The Social Security benefits you receive during retirement may not be completely tax-free income. In general, Social Security income is not taxed; it is only when you earn additional income (either by continuing to work or from investments) that tax begins to play a role in your Social Security income.

If, however, you do not earn or receive other income throughout the year, you should not have to worry about being taxed on your Social Security benefits.

Provisional Income

To determine whether or not you owe taxes, you need to calculate your provisional income.

To do so, consider your earned wages from working (and your spouse’s, if you’re married), any additional sources of income, and even your tax-exempt interest income, such as from municipal bonds (but not Roth IRA withdrawals).

Add that sum to half of the social security benefits you received to arrive at your provisional income.

Limits

Once you find your provisional income, you can determine whether you exceed the predetermined thresholds, which depend on your marital status. For tax year 2015, if you’re single, you can make up to $25,000 in provisional income before paying taxes on Social Security income.

If you make between $25,000 and $34,000, you may be subject to taxation on up to 50 percent of your Social Security income, while a provisional income of $34,000 and above may subject you to up to 85 percent taxation.

For married couples filing jointly, the numbers shift slightly higher: the 50 percent taxation threshold is $32,000, and the 85 percent threshold is $44,000. Fortunately, you will never owe taxes on 100 percent of your Social Security income, regardless of your provisional income and filing status.

A married couple filing separately may have to pay taxes on 85 percent of their Social Security income, no matter how low their provisional income is, so filing separately is not a viable option for those trying to avoid the tax. The only situation that this does work in is when a couple did not live together for part of the year.

Examples:

Say you and your spouse each earned $12,000 at your part-time jobs this Taxes on Social Security Benefits 2 year. You also earned $15,000 in investment income, and you received a total of $24,000 in Social Security benefits.Your provisional income is $51,000. We arrived at this number by adding your wages, interest income and half of your Social Security benefits. As a married couple filing jointly, $51,000 is above both thresholds, so you might owe taxes on 85 percent of your $24,000 Social Security benefit.

Your provisional income is $51,000. We arrived at this number by adding your wages, interest income and half of your Social Security benefits.As a married couple filing jointly, $51,000 is above both thresholds, so you might owe taxes on 85 percent of your $24,000 Social Security benefit.

As a married couple filing jointly, $51,000 is above both thresholds, so you might owe taxes on 85 percent of your $24,000 Social Security benefit.

If you were single, still earned $12,000 this year, received $10,000 in investment income and $10,000 in Social Security benefits, your provisional income is $27,000. In this example, you may have to pay taxes on 50 percent of your Social Security benefits.

How to File

If you owe taxes on your Social Security benefits, you’ll have to use Form 1040 or Form 1040A. Use Form SSA-1099, which you should receive prior to filing, to help determine your provisional income.

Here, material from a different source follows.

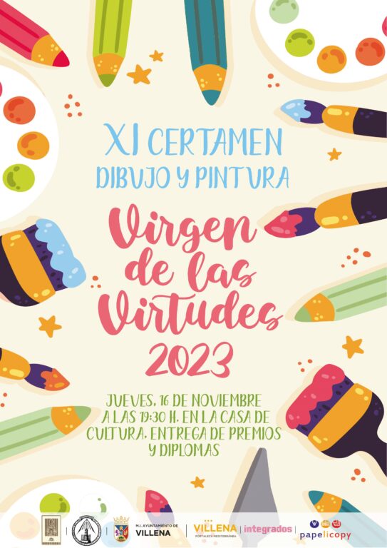 Dentro del grueso de actos anuales programados, hemos vuelto a organizar nuestro Certamen de dibujo y pintura “Virgen de las Virtudes”, que en esta ocasión cumple su decimoprimera edición. Un concurso que sigue contando con gran participación por parte de la comunidad escolar, donde colabora el MI Ayuntamiento de Villena y las empresas Integra2 y Papelycopy.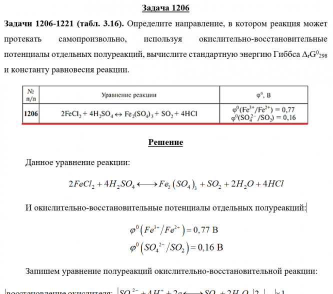 Задачи 1206-1221 (табл. 3.16). Определите направление, в котором реакция может протекать самопроизвольно, используя окислительно-восстановительные потенциалы отдельных полуреаций, вычислите стандартную энергию Гиббса ΔrG0298 и константу равновесия реакции..

This form shows the amount of benefits you received in a given tax year. IRS Publication 915 contains a worksheet that can help you estimate the amount of taxable Social Security income you have and how much you owe. When you do determine what percentage of benefits you owe taxes on, those benefits are taxed at your regular income rate.If it would be helpful to you, you may be able to pay your Social Security benefits taxes via quarterly estimated tax payments or choose to have taxes withheld throughout the year.

If it would be helpful to you, you may be able to pay your Social Security benefits taxes via quarterly estimated tax payments or choose to have taxes withheld throughout the year.

Tax Strategies

The best way to manage your Social Security taxation is to consult with an advisor or tax professional. However, there are also several rules of thumb that may work for your situation:

  • Try to accelerate income into a single year to avoid paying high taxes over a number of years.
  • If you’re close to the threshold, hold off accepting income until the following year, if possible.
  • Contribute to pre-tax 401(k) or IRA accounts to shelter cash savings from tax.
  • If you’re converting a traditional IRA to a Roth account, it may be helpful to spread the conversions over several years.
  • Delay claiming Social Security benefits until after full retirement age.
  • Delay withdrawing from retirement accounts until necessary.
  • If you’re still working, full or part time, consider decreasing your hours to lower your wage income.